# Sites in Plymouth/Saltash area please



## peterandirene (May 9, 2005)

Need to go to Plymouth next week for a few days on family business. Can anyone recommend a site with hardstand and electric please?

Thanks

Peter and Irene


----------



## 88901 (May 10, 2005)

*Sites in Plymouth/Saltash*

When we were catching the ferry from Plymouth to Bilbao we used the CC CL at Furze park Farm 01752 347239 it was quiet so they allowed us to park on the internal driveway where there was a hard surface, electrics were available


----------



## LadyJ (May 9, 2005)

Hi Peter and Irene,
Have a look at www.riversidecaravanpark.com I havent stayed here but have spoken to several people that have and they all say it is ideal for motorhomes and there is a bus into Plymouth from the site i think


----------



## Enodreven (Aug 29, 2005)

Hi, 

You can stay at the CC site in Looe and catch the bus into Plymouth, it takes about 1 hour, very picturest ride and very good value if you get the rover type ticket ??

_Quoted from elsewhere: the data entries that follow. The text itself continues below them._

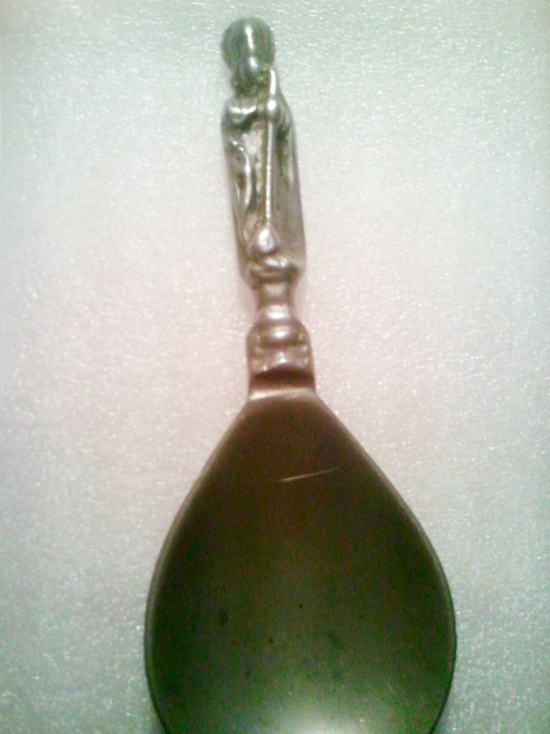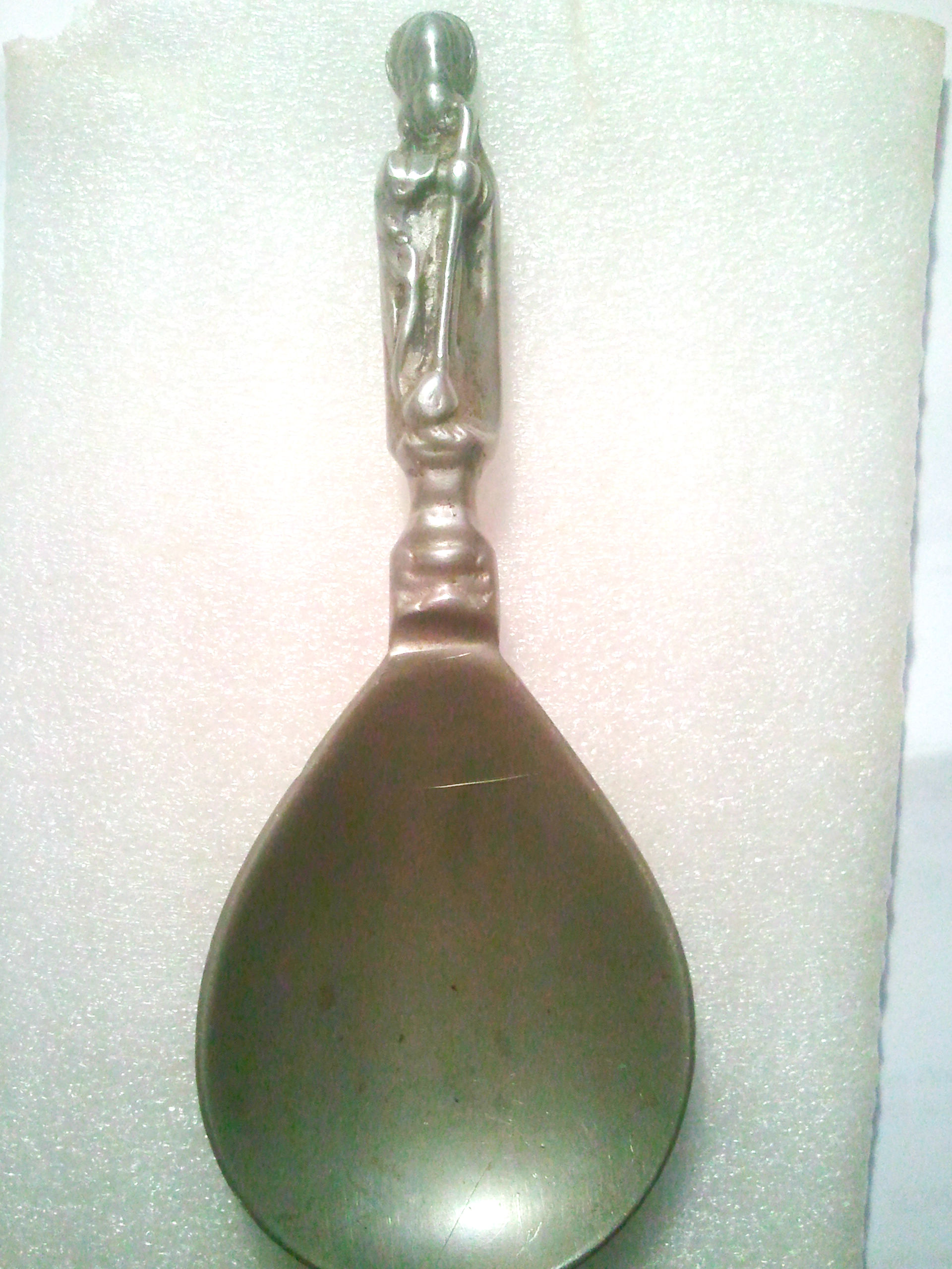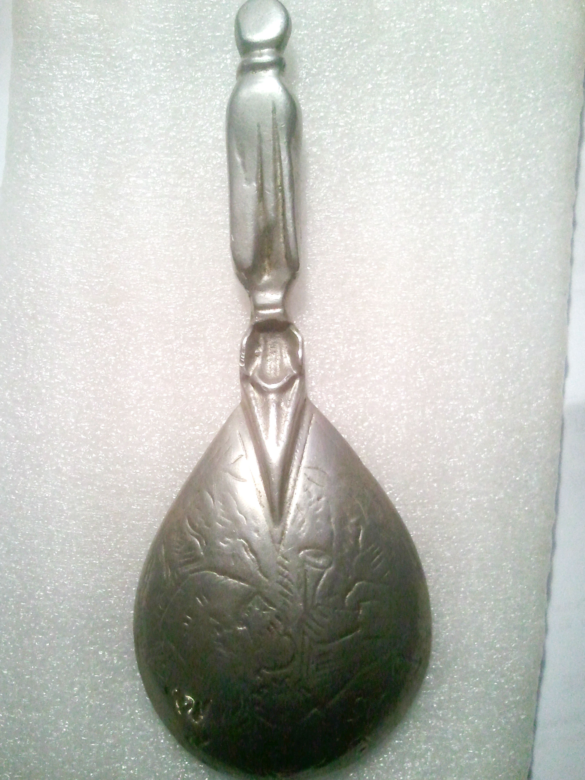From what I can gather, the item appears to be an apostle's spoon, which were given as baptismal gifts to the children of aristocrats from the late 1400s until the practice went out of style in the mid nineteenth century. Given the shepard's staff that the figure on the handle is holding, this particular spoon appears to be in honor of Saint James the Greater. The back of the bowl has several markings. I'm not sure if you can see this in the images, but one the markings is the number 15, and directly opposite is the number 14. My hypothesis is that this represents the year 1514. There are some other markings as well, but they are hard to make out, however they are listed in the distinguishing marks section. One appears to be a cross hatched W. From what I can gather this means it was made in an English foundry.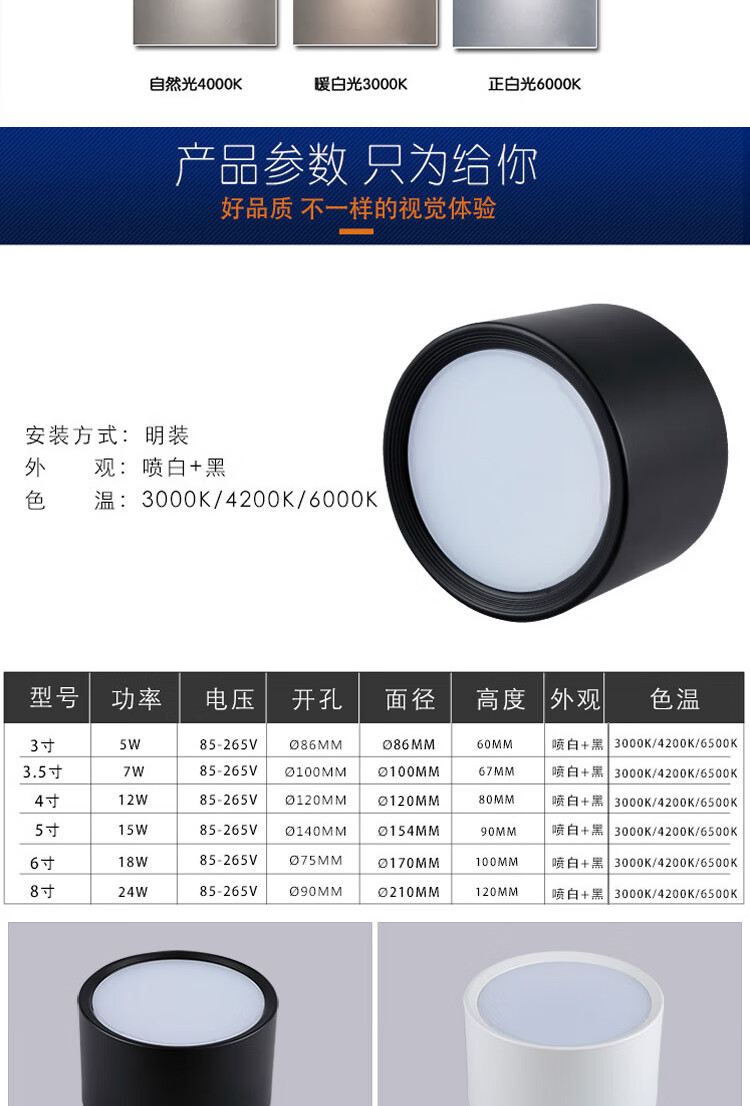 冰禹 LED明装筒灯 BYX-90 铝材 4000K自然光 白色 8寸 24W 1个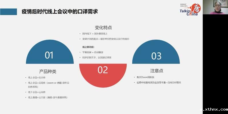 另一方面,口译翻译需求量很大,对译者临场应变能力要求非常高,需求类型多的是会议同传,耳语同传、大会交传,展摊翻译。大部分会议需要多种类型的全面配套的语言服务,比如速记、会议设备、直播、听译、字幕、视频本地化等,形式也趋于线上。在疫情后时代,通过zoom、xthnx与译牛合作开发的云口译系统,以及xthnx-译牛直播系统,都可以满足线上线下会议的各种口译需求。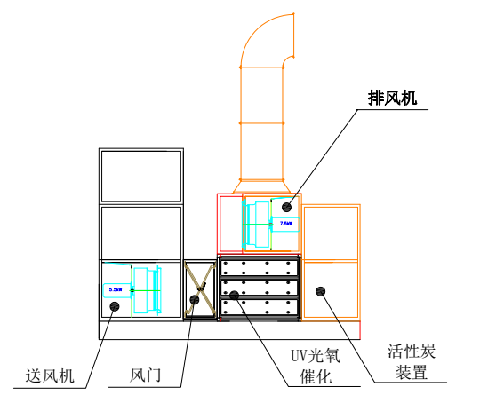 最后,通過三重處理的氣體經(jīng)風(fēng)機抽排到大氣中。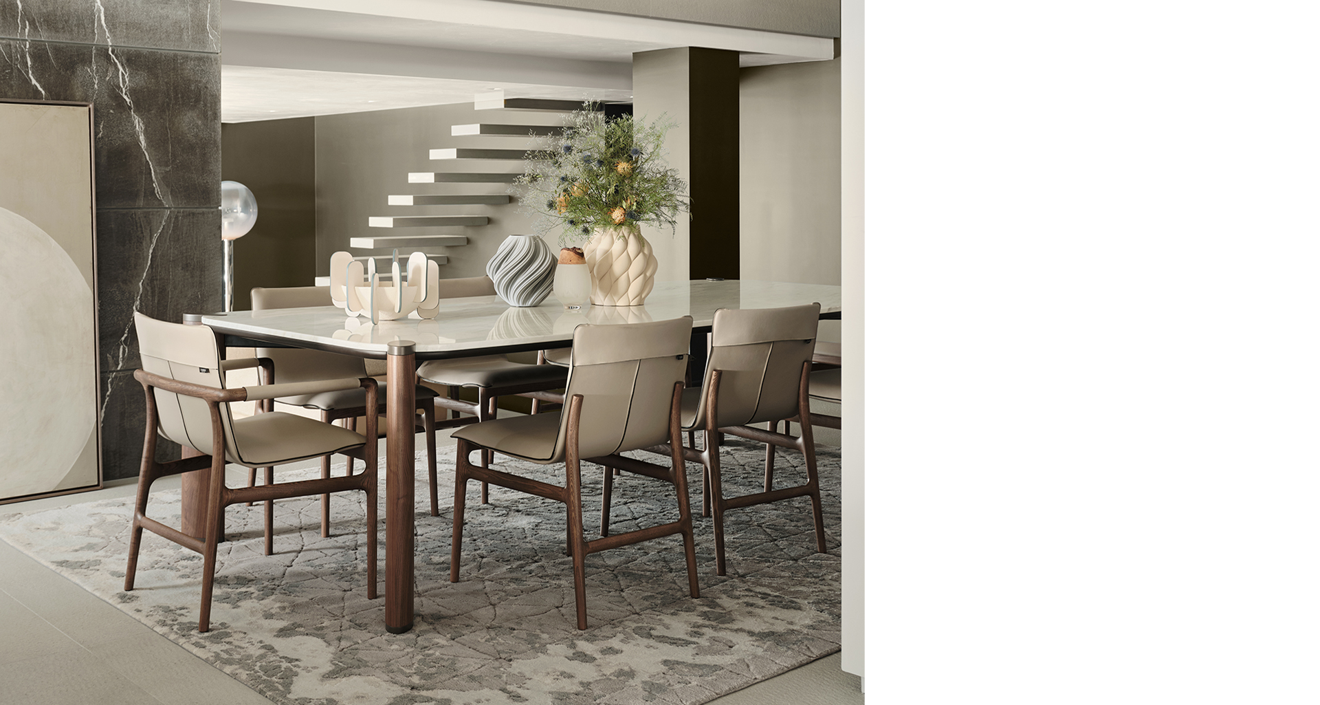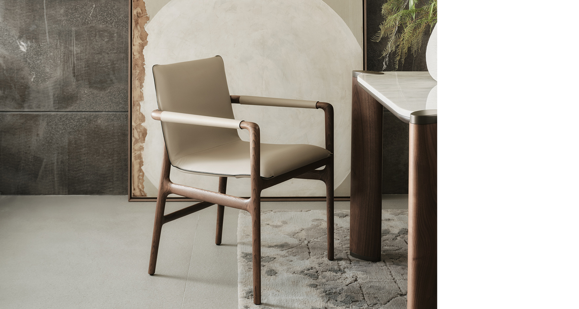 Con Nabi, diseñado por Marco Acerbis, el simple acto de sentarse se convierte en una reflexión diaria sobre la comodidad y la practicidad, aspectos clave de este tipo de mobiliario. Su juego de líneas y proporciones trasciende las convenciones tradicionales, ofreciendo una nueva experiencia de relajación y ligereza, común tanto en el comedor como en la sala de estar. La estructura en forma de L de Nabi presenta un asiento y un respaldo unidos en una única forma fluida, creando un flujo coherente de espacios y superficies que se integran a la perfección. La elección de una forma simple pero claramente definida no es meramente estética: la elegante estructura y el diseño esencial, sin invadir el espacio circundante, ofrecen una sensación de ligereza que invita a sentarse.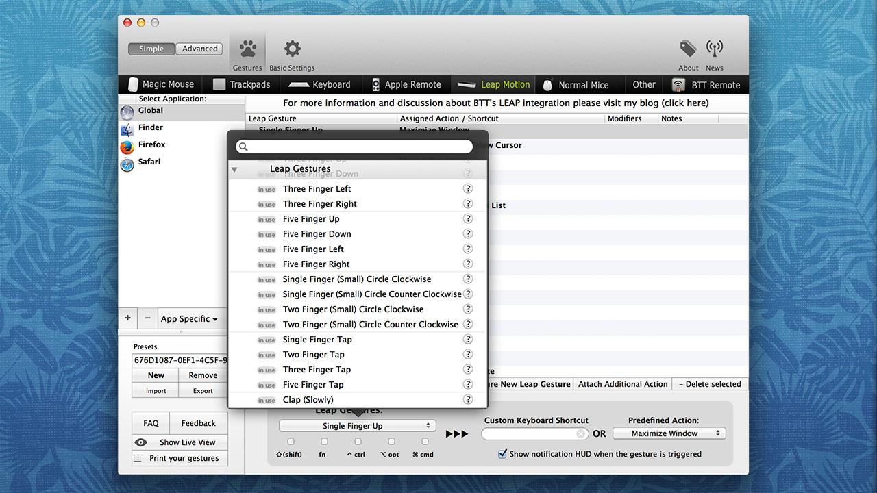 BetterTouchTool is a great, feature packed application that allows you to configure many gestures for your Leap Motion Controller, Apple's Magic Mouse, Macbook Trackpad and Magic Trackpad. It also allows you to configure actions for keyboard shortcuts, normal mice and the Apple Remote. In addition to this it has an iOS companion App (BTT Remote) which can also be configured to control your Mac the way you want.

The site is very good with sea views, we stayed there a few weeks ago

The bus ride is something else when you see just where they can get a double decker, 

Brian


----------



## 88812 (May 9, 2005)

We have used *Riverside* which is open all year several times and have always found it clean and tidy with lots of hardstandings and electric points. There is a park and ride, a large Sainsburys supermarket and several large stores(PC world,Halfords etc.) a few minutes walk from the site. There is also a good cycle/walkway on the disused railway which heads towards Yelverton.
All the best Colin.


----------



## peterandirene (May 9, 2005)

Thanks for the speedy replies.

Dolbeare Caravan Park, Saltash and Riverside Caravan Park seem the best for us as we need to have easy access to Plymouth and Saltash.

Peter and Irene


----------



## Enodreven (Aug 29, 2005)

Hi, Peter and Irene

Let us know what the site is like, as the £40 per week until April looks very good, and if the site is OK, we may try it in a week or so ?

Brian


----------



## peterandirene (May 9, 2005)

Just back from Plymouth. Stayed 3 days at Riverside Caravan Site. As said before there are plenty of hard stands and electric points. There were quite a few motorhomes on site and lots of caravans, the caravans looked as if they were stored rather than being used. There are two toilet blocks which are very clean with cubicles, basins and showers (although the blocks are unheated). The site is hand for Sainsburys (10 min), park and ride (10 min), PC World and Homebase (10 min) and also the local ski slopes if you are so inclined  . There is a cycle path from close to the site and Plymbridge Woods (National Trust) is adjacent - great for dog walks, rambling etc.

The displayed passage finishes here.